Material for this exercise: Begin

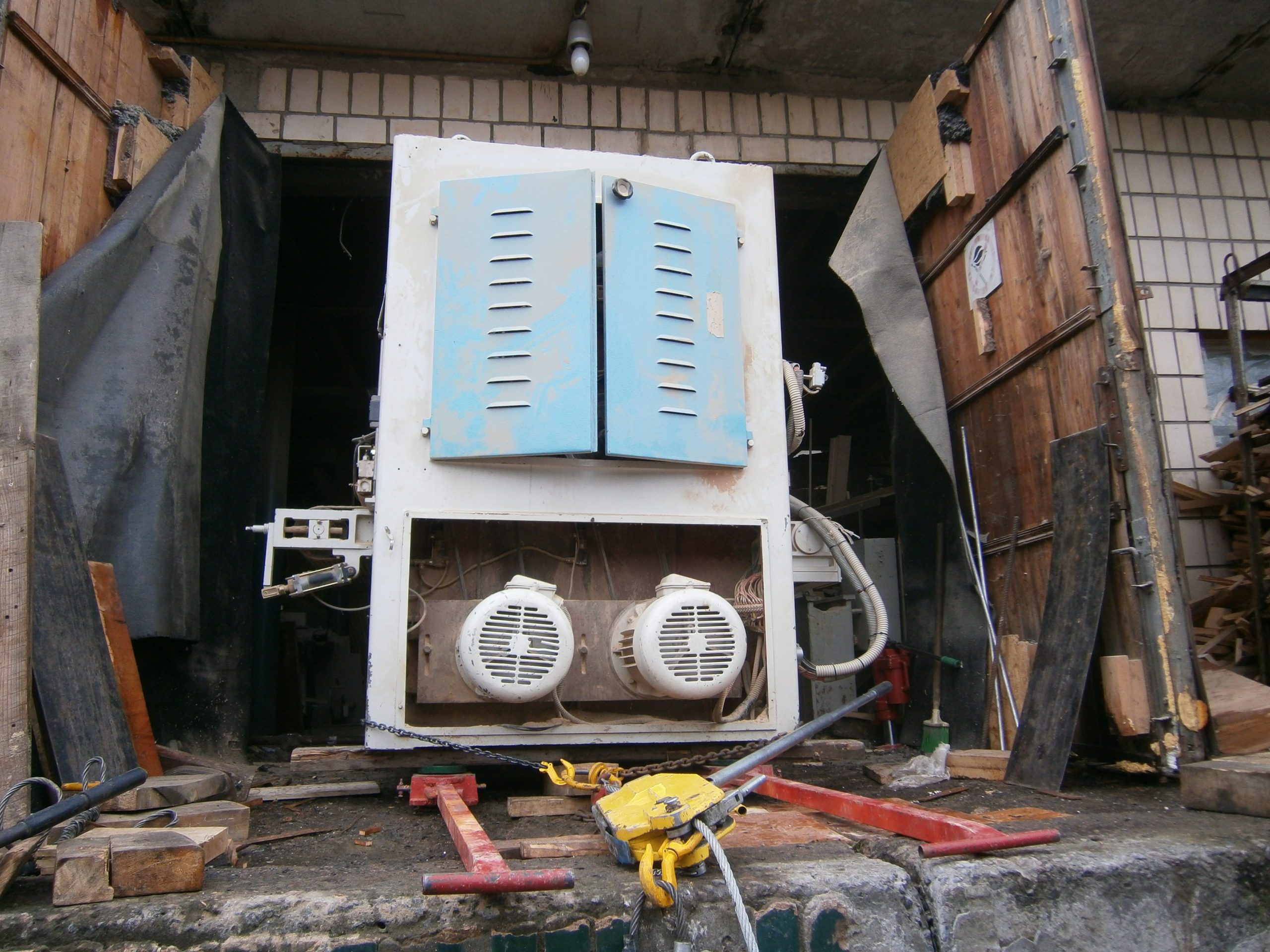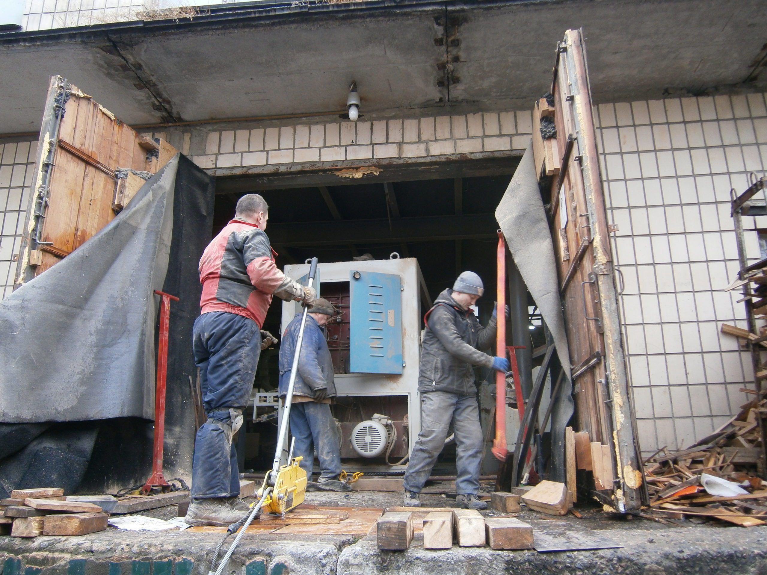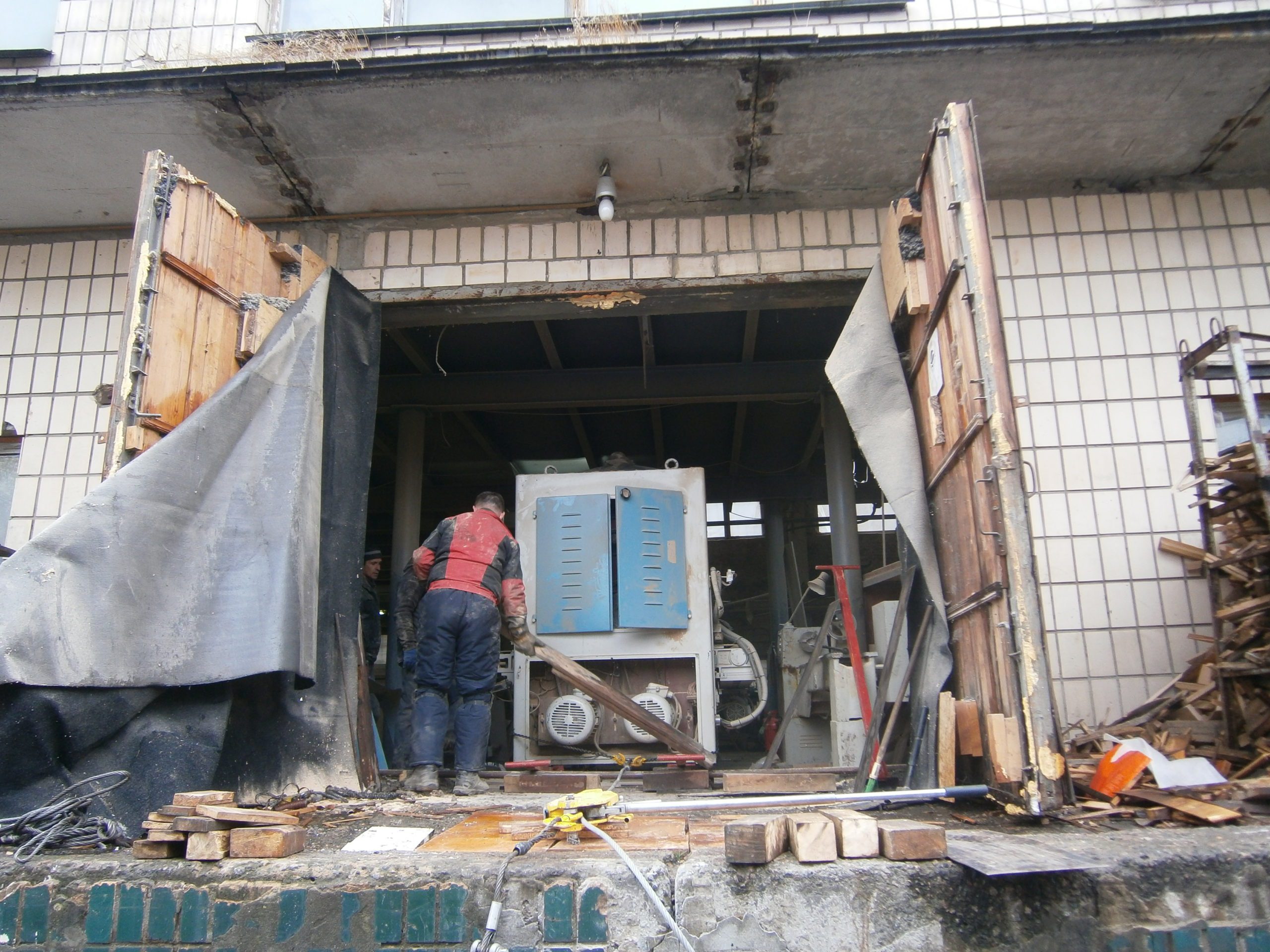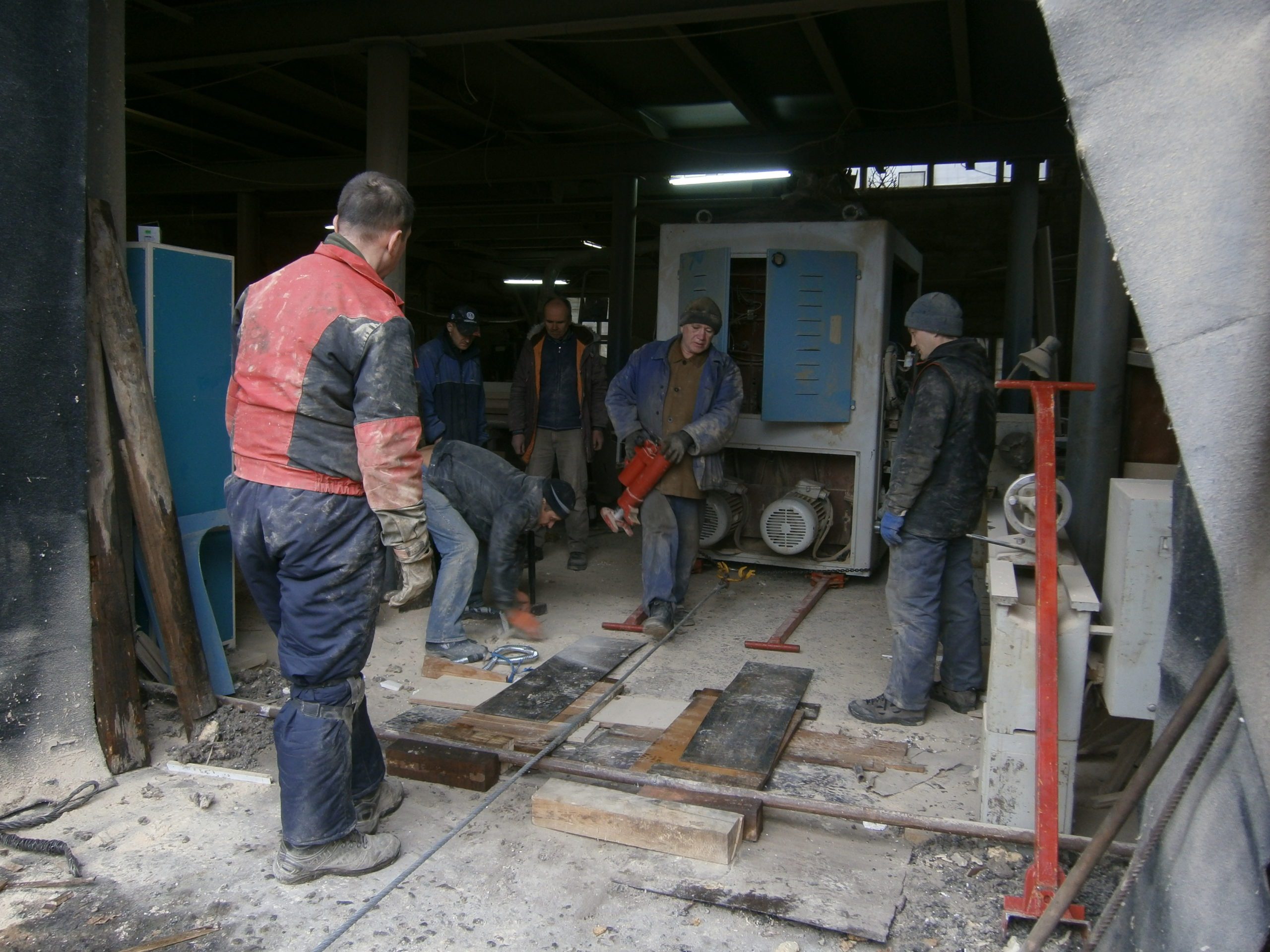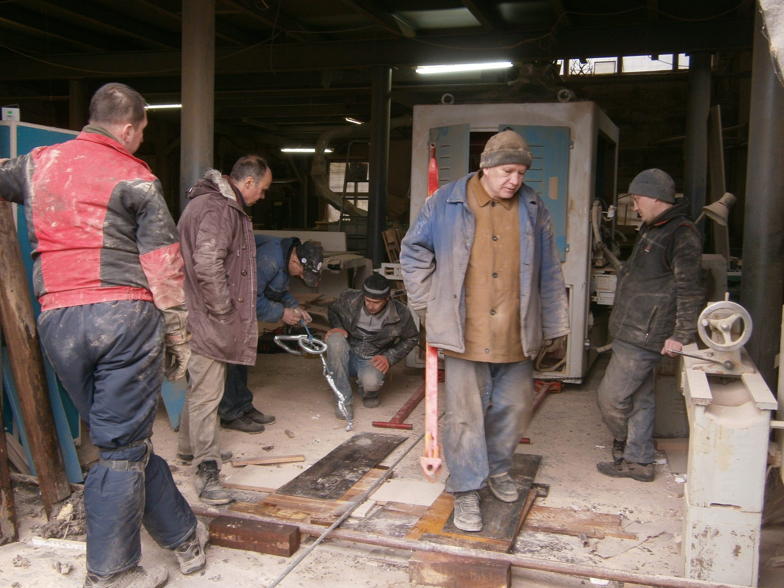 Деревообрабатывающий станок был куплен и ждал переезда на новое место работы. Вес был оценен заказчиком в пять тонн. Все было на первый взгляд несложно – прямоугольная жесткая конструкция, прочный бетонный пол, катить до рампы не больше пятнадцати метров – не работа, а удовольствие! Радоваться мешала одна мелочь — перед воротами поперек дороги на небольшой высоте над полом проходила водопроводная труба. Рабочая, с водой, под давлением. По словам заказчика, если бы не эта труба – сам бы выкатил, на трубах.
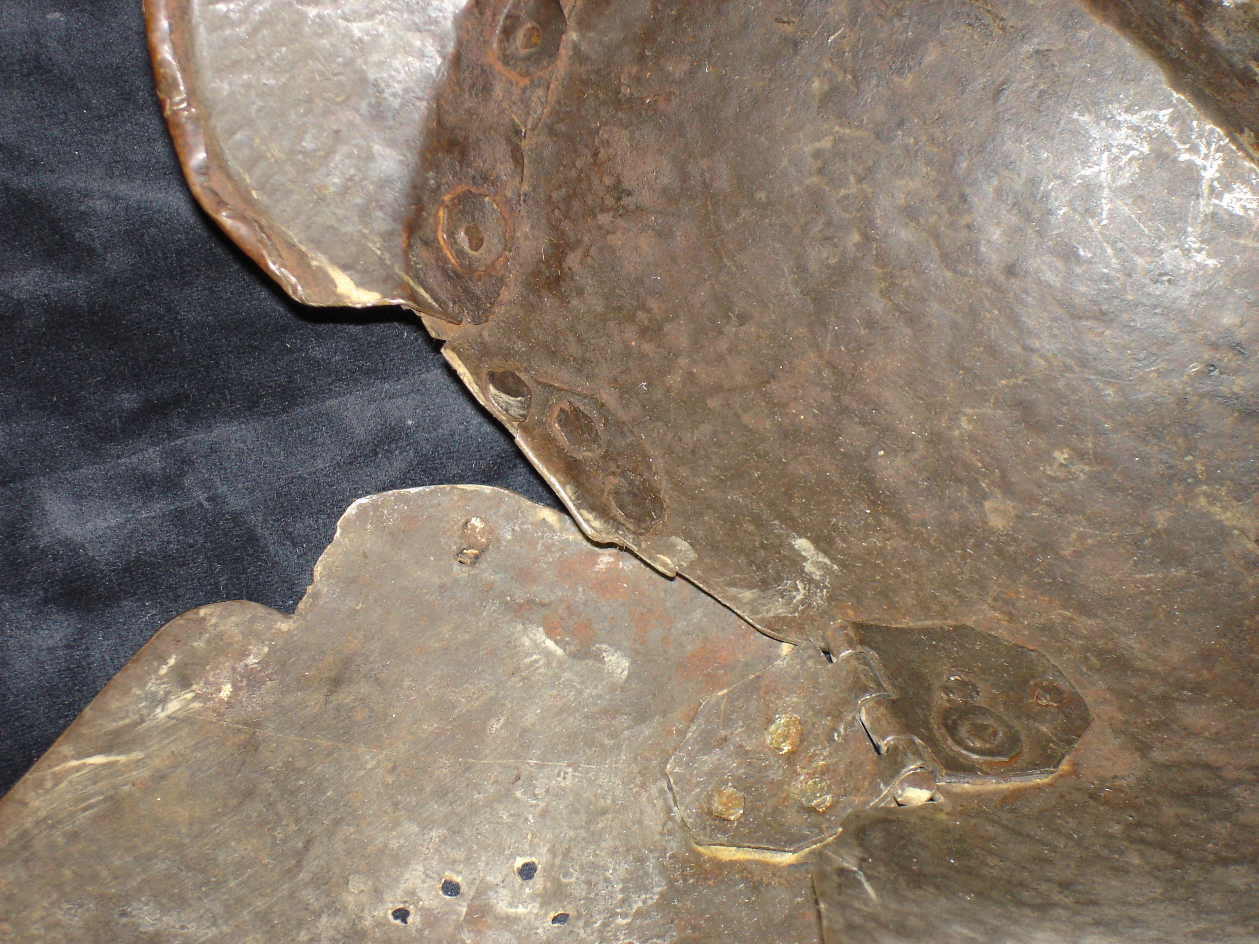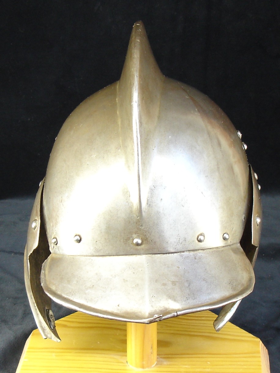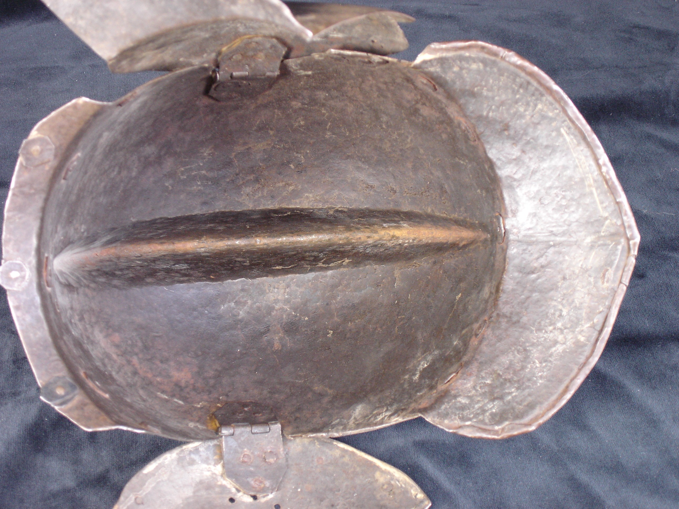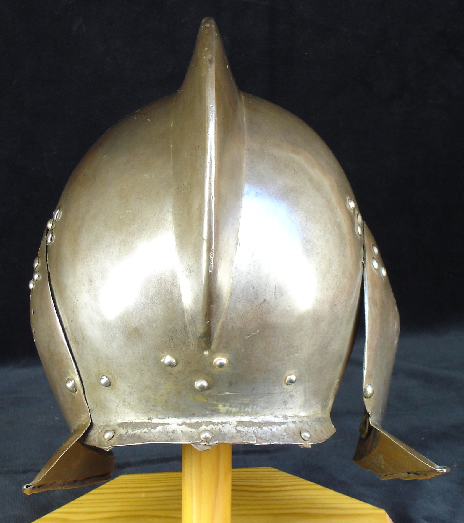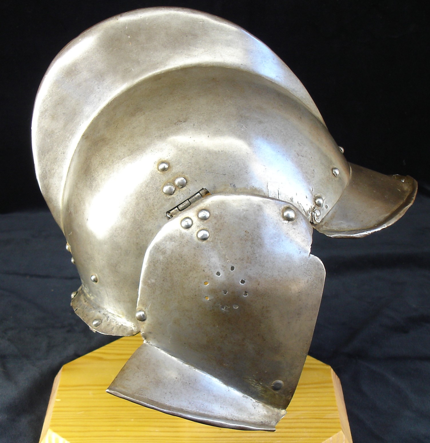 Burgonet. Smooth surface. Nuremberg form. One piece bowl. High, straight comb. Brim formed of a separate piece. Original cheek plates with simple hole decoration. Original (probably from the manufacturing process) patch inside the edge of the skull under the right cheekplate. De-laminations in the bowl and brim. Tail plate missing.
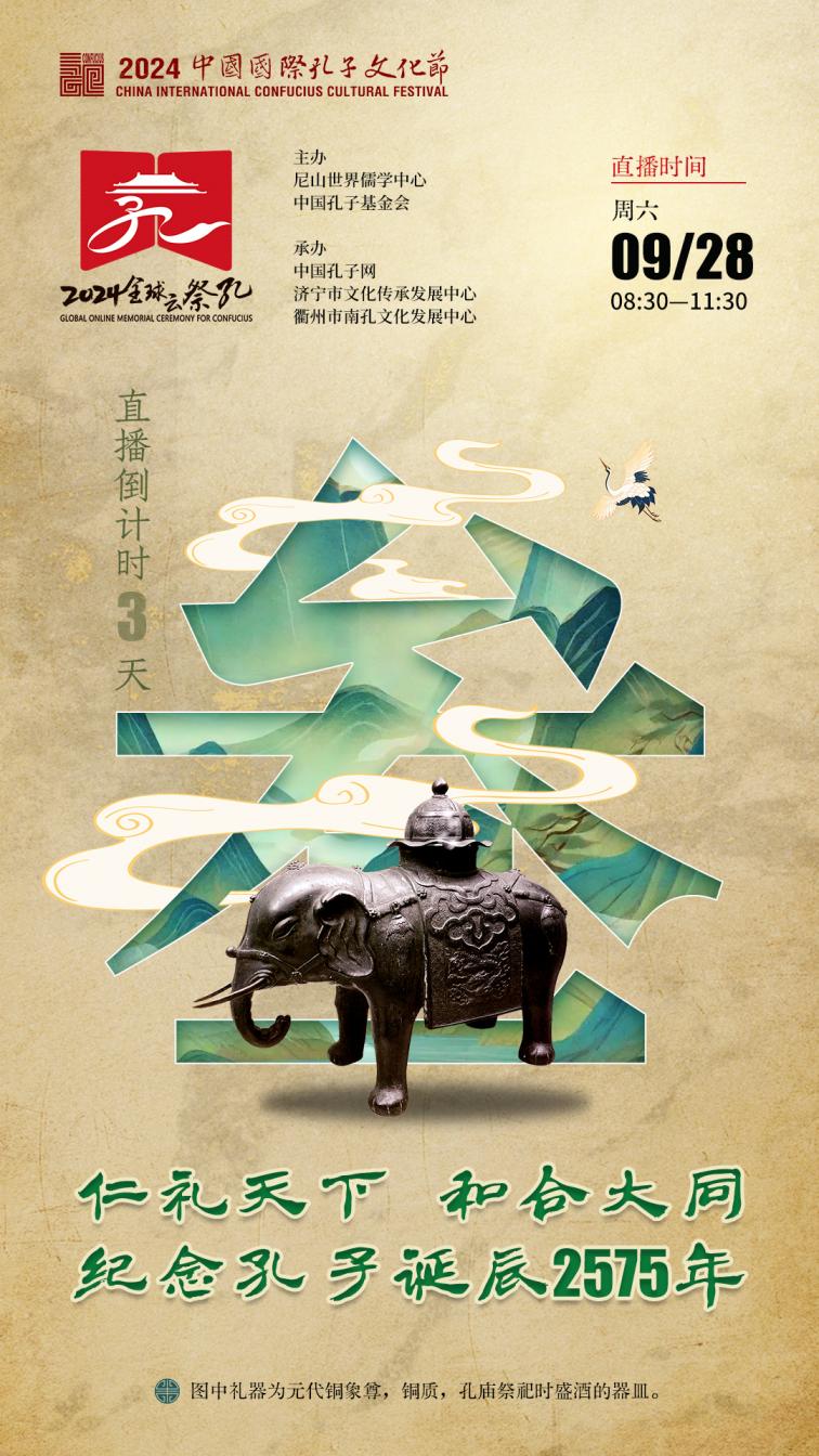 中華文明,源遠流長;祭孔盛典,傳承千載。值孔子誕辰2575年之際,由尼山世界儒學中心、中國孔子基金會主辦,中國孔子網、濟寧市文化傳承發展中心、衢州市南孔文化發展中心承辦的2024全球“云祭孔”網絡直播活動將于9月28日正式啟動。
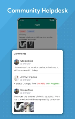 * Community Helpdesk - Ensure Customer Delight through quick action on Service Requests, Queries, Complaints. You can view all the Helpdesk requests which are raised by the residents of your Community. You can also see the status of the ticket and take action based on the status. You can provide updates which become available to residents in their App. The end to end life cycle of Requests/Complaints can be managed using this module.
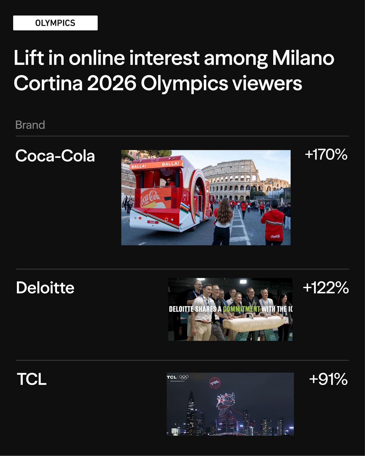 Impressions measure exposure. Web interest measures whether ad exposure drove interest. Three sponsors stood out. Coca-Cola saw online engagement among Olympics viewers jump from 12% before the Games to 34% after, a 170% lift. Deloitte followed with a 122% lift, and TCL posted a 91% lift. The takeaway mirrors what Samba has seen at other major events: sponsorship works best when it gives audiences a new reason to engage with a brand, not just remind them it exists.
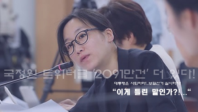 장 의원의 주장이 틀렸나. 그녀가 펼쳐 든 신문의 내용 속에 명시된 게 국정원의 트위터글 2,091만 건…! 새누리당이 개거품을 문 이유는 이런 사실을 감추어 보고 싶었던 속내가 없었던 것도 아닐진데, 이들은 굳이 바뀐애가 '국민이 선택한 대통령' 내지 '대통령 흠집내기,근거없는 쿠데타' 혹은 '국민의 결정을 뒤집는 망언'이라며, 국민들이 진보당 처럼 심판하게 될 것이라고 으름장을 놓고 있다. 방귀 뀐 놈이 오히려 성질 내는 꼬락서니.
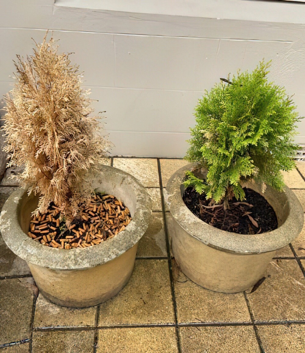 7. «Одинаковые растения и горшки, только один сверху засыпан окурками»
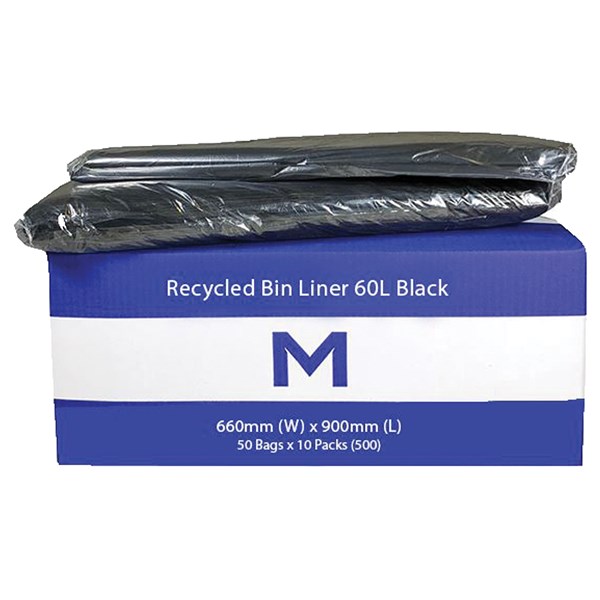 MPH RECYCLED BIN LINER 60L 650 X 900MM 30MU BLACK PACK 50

Material for this exercise: End

Reproduce word for word the lines from the line with "и горшки, только" to the end of the entries above, both included, but leave the pictures out.

:: Your solution ::
 7. «Одинаковые растения и горшки, только один сверху засыпан окурками»
 MPH RECYCLED BIN LINER 60L 650 X 900MM 30MU BLACK PACK 50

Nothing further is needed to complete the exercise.